Sunday, January 01, 2006
The next important deliverable is a "write up" by Erik where he explains what Wikidata is about. How it can be used and how certain essentials are delivered. As much as an explanation it will also be the mental excercise needed to get more programmers involved in Wikidata. Combine this with the amount of inline documentation that PHP provides and it will open up many possibilities to many programmers, inside the Wikimedia Foundation an out.
Let me be really clear about one thing; Wikidata is powerfull stuff in its own right. In one way it is really great that its first implementation is so ambitious; when you can model this. You can model almost everything. In another it means that as WiktionaryZ is dependent on Wikidata, it will move forward technically at the same speed. Given that the namespace manager will be in Mediawiki 1.6 and given that other infrastructure issues are addressed things could not look more prommissing that the way they do.
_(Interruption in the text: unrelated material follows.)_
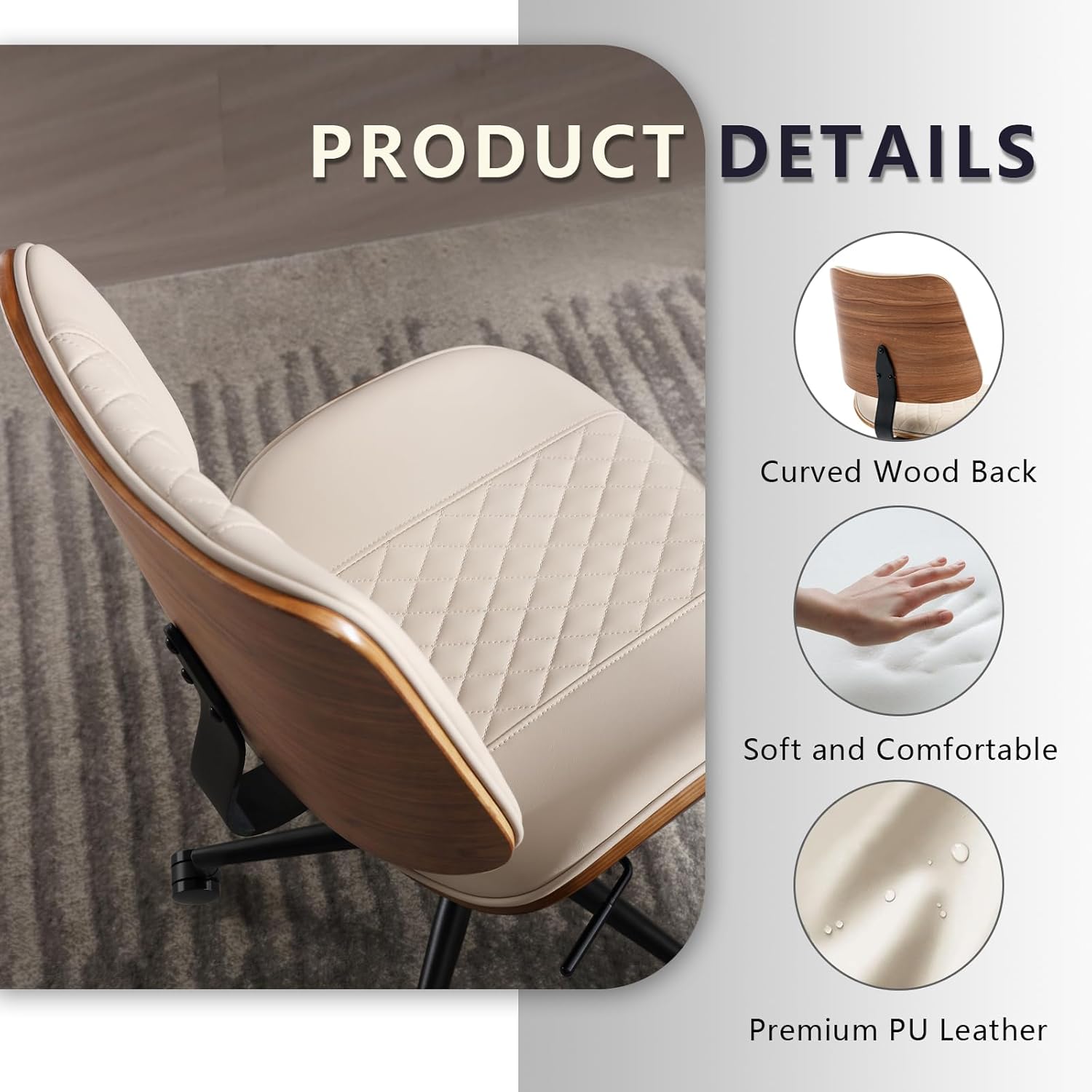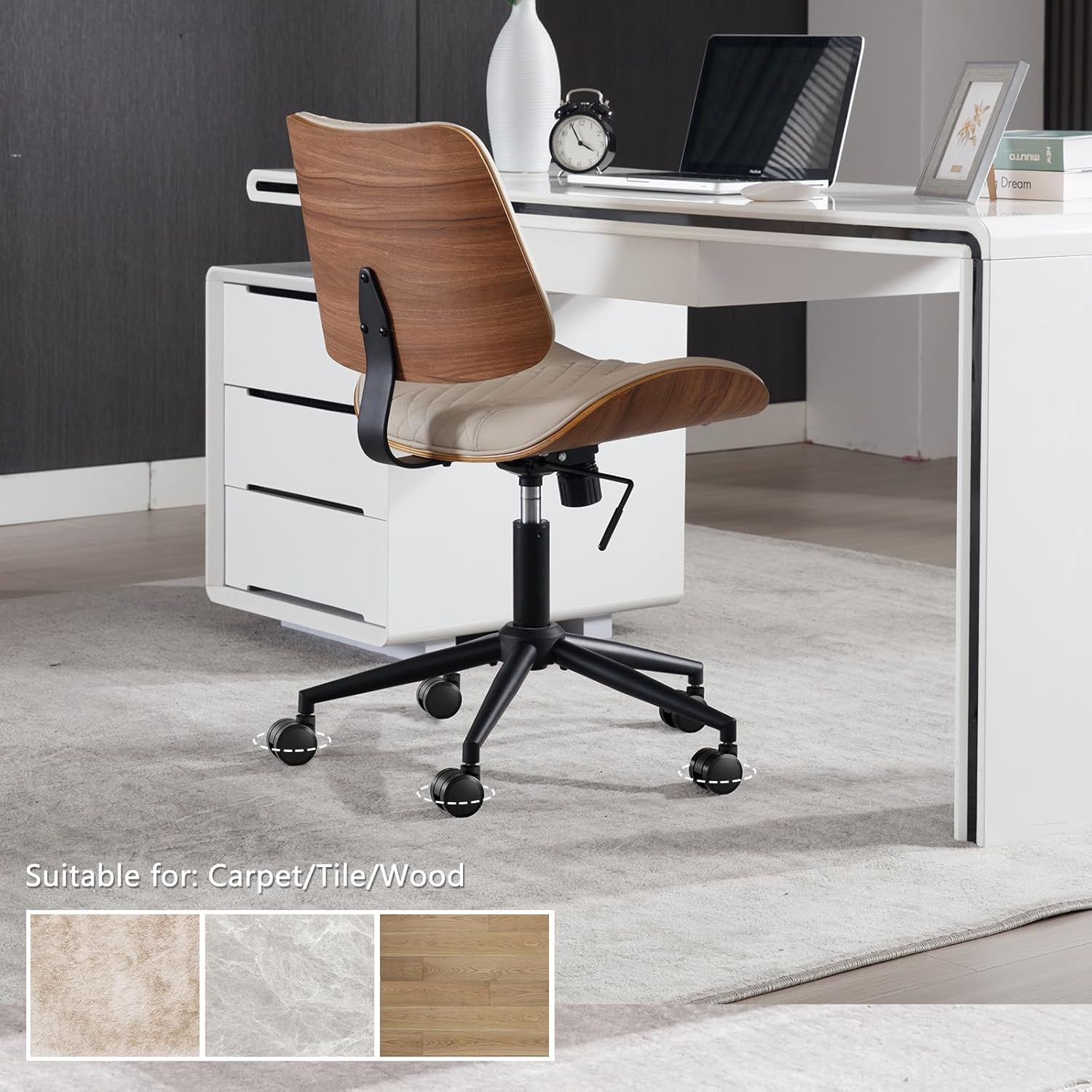 - Premium PU Leather & Modern Walnut StyleThis armless office chair is made of smooth PU material, ensuring breathability and easy cleaning with a cloth. It’s also waterproof and wear-resistant. It features a modern design with a stylish curved backrest, creating a sophisticated appearance that enhances the ambiance of your home/office. It is perfect for office, meeting, study room, and bedroom. Please note that the product color may vary slightly under different lighting conditions

For the language guys reading this; we are seriously considering to "steal" a page out of the LMF book; particularly for lexicological information we are going to have "Attributes" that are defined in a language specific way and that are going to be defined particularly in three places; the Expression, the SynTrans and the DefinedMeaning level. This means that we are about to ditch the LexicalItem. This will do us two things; it will make the core of WiktionaryZ more efficient and it will allow us to be more language specific from the start. As we will have Attributes that are conditional on other Attributes and as this will be reflected in the User Interface I think this may reflect the core idea of LMF. Then again I do not really know as I do not really understand enough of LMF yet.